Castelfranchi's Rec. Adv. Atomic Physics

  • Light quant(s) is no longer used by physicists; it hasn't been used much since around 1970 (roughly when Zen and the Art of Motorcycle Maintenance was written). See Ngram. The current terminology is light quantum/quanta. – Peter Shor May 3 '20 at 22:15
  • @PeterShor The OED says it’s “now rare” and gives an example from 2002 in a journal that admittedly doesn’t sound very scientific. I can also find a few examples on Google Scholar from sources that look more physics related and reputable.

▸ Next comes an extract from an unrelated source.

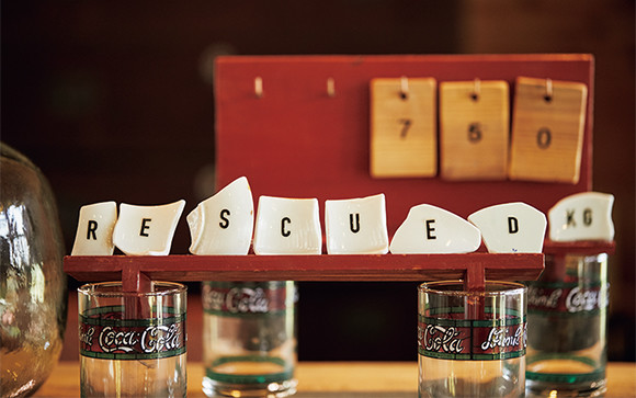 くるくるショップで新しい持ち主が見つかると、そのアイテムの重量を量り、何㎏ゴミが減らせたか(RESCUED)が毎月フロントで明示される。

So idk. – Laurel May 3 '20 at 22:29
  • Looking at Google Scholar, it looks like some biochemists might still be using "light quants", although it seems to appear only in biology-related articles. So it hasn't completely died out. – Peter Shor May 3 '20 at 23:30

In Guidebook to Zen and the Art of Motorcycle Maintenance: An Inquiry into Values (New York: William Morrow, 1990), Ron L. DiSanto and Tom J. Steele included a section with notes to Pirsig's novel. There is also a note on the term "quants" (page 368):

"quants". This is a variation of "quanta", most often found in the singular in the phrase "light quant".

(For those who want to look up the context of the quote: see Part I, chapter 3 in Zen and the Art of Motorcycle Maintenance. Or see page 31 in the 40th anniversary edition, Vintage, 2004.)